### Problem to work on
Begin the copy at the line containing "プリンセス有馬での合同講習には、元プロ野球選手の佐野慈紀さんも参加。" in the data below and end it at the line containing "شکل ۲. نقشه منطقه مورد مطالعه", keeping each line exact and leaving out pictures.

### Data excerpts
»»
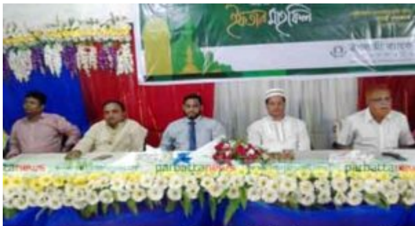
কেটি বাজার ইসলামী ব্যাংকের ইফতার মাহফিলে উপজেলা নির্বাহী অফিসার সহ অন্যান্য অতিথিরা

কোম্পানী পরিচালনা পর্ষদের সভা অনুষ্ঠিত হইল। সভাপতি কর্তৃক সভার কার্যক্রম পরিচালিত হইল। সভায় কোম্পানীর কার্যক্রম, আর্থিক অবস্থা, বিনিয়োগ পরিকল্পনা, মূল্যায়ন, ঝুঁকি পরিচালনা, পরিবেশ সুরক্ষা, কর্মচারী কল্যাণ, গভর্নেন্স ইত্যাদি বিষয়ে আলোচনা হইল। সভায় সিদ্ধান্ত গৃহীত হইল।
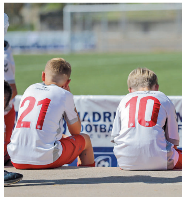
Imagen de la pasada edición

Hay que recordar que el cuadro pepinero ha firmado unos resultados muy similares en los dos años previos, cerrando sendos campeonatos con la undécima posición en la fase regular.
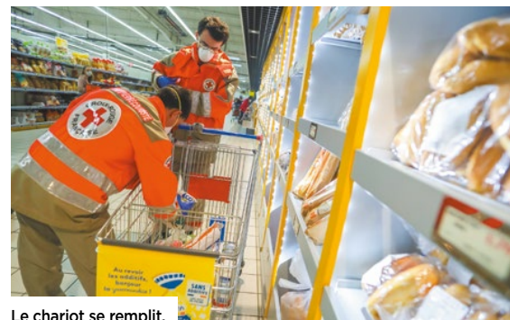
Le chariot se remplit.
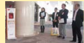
プリンセス有馬での合同講習には、元プロ野球選手の佐野慈紀さんも参加。
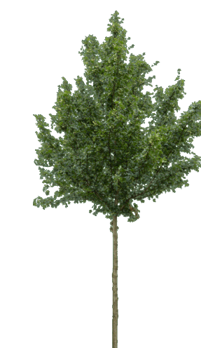
Acero Campestre ( Acer Campetre L.)
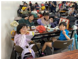
楽しいお弁当の時間

5月19日は、春の一日遠足でした。知覧特攻平和会館やミュージアムなどの平和学習の後、午後からはアグリランドに向かいました。お茶体験コーナーでは、実際に茶葉から製品にするまでの過程を児童全員が体験しました。最後は製品としてお茶を持ち帰ることもでき、充実した体験となりました。
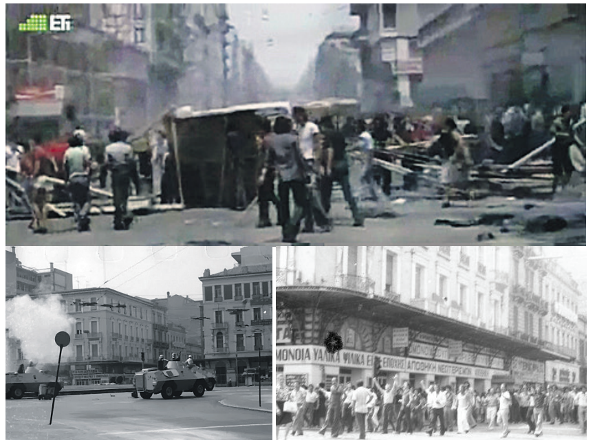
Από τη μαχητική συγκέντρωση των οικοδόμων στις 23 Ιούλη του 1975

Οι μάζες δεν έδωσαν στην κυβέρνηση Καραμανλή μια μακρά περίοδο σοβαρής «ανακωχής». Ένα μόλις μήνα μετά την ορκωμοσία του, η ιστορική απεργία στο εργοστάσιο της National Can, στη Μάνδρα της Ελευσίνας, άνοιξε τον άγριο εργατικό χορό της Μεταπολίτευσης. Στη National Can οι αδελφωμένοι Έλληνες και Πακιστανοί απεργοί σήκωσαν το πανώ που έλεγε: «Τα θέλουμε όλα!». Στο πλευρό τους, στην πύλη του εργοστασίου, βρέθηκαν κάποια τμήματα της φοιτητικής Αριστεράς, που
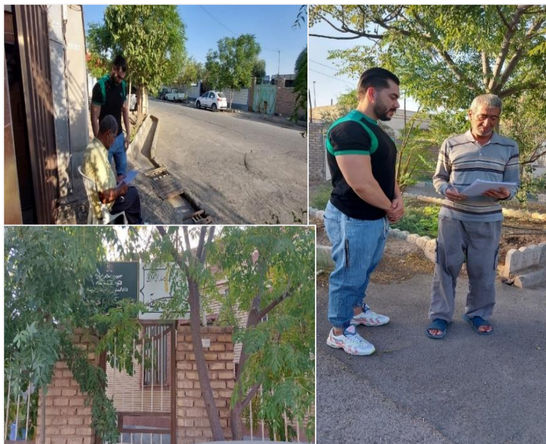
شکل ۲. نقشه منطقه مورد مطالعه

در شهرستان گرمسار روستاهای متعددی از جمله غیث آباد، شورقازی، محسن آباد، نورالدین، ریکان، قاتول، کردوان و غیره وجود دارد که در این پژوهش، تمرکز بر روستاهای غیث آباد، شورقازی و محسن آباد می‌باشد (شکل ۲)، که طرح بیابان‌زدایی دارند. این روستاها در جنوب شهر گرمسار واقع شده‌اند، طبق آخرین سرشماری، تعداد خانوار ساکن در روستای غیث آباد ۲۸۰، تعداد خانوار ساکن در روستای شور قاضی ۵۰ و تعداد خانوار ساکن در روستای محسن آباد ۱۵۰ خانواده می‌باشد. در سه روستای مذکور، عمده فعالیت افراد، پرورش گوساله و دام‌پروری، کشاورزی و سبزی‌کاری می‌باشد.
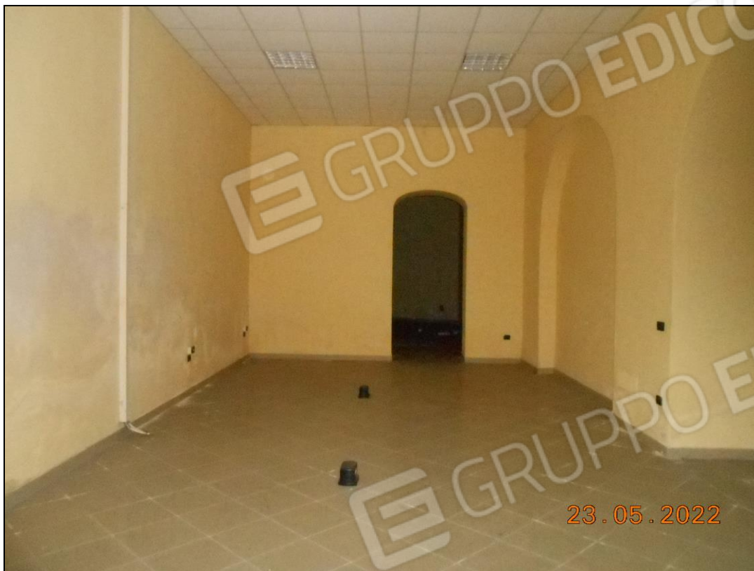
FOTO N. 25 Vista interna dei locali dell'immobile.
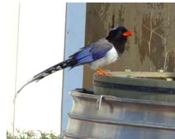
Pyrolle à bec rouge Urocissa erythrorhynca (Red-billed blue Magpie), Saint-Mandrier, mai 04.

Plaine de Cuges-13 : 1 mâle le 25/05/04 (G. VIRICEL).
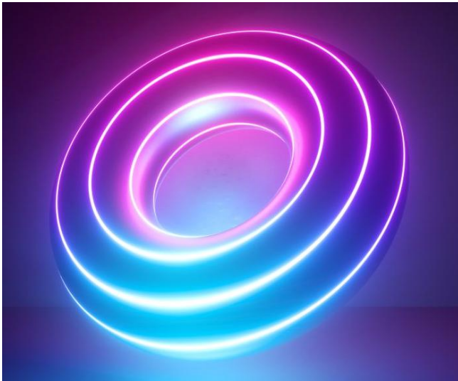
Figura 3: Forma del Universo
««
### Answer for this exercise
プリンセス有馬での合同講習には、元プロ野球選手の佐野慈紀さんも参加。
Acero Campestre ( Acer Campetre L.)
楽しいお弁当の時間

5月19日は、春の一日遠足でした。知覧特攻平和会館やミュージアムなどの平和学習の後、午後からはアグリランドに向かいました。お茶体験コーナーでは、実際に茶葉から製品にするまでの過程を児童全員が体験しました。最後は製品としてお茶を持ち帰ることもでき、充実した体験となりました。
Από τη μαχητική συγκέντρωση των οικοδόμων στις 23 Ιούλη του 1975

Οι μάζες δεν έδωσαν στην κυβέρνηση Καραμανλή μια μακρά περίοδο σοβαρής «ανακωχής». Ένα μόλις μήνα μετά την ορκωμοσία του, η ιστορική απεργία στο εργοστάσιο της National Can, στη Μάνδρα της Ελευσίνας, άνοιξε τον άγριο εργατικό χορό της Μεταπολίτευσης. Στη National Can οι αδελφωμένοι Έλληνες και Πακιστανοί απεργοί σήκωσαν το πανώ που έλεγε: «Τα θέλουμε όλα!». Στο πλευρό τους, στην πύλη του εργοστασίου, βρέθηκαν κάποια τμήματα της φοιτητικής Αριστεράς, που
شکل ۲. نقشه منطقه مورد مطالعه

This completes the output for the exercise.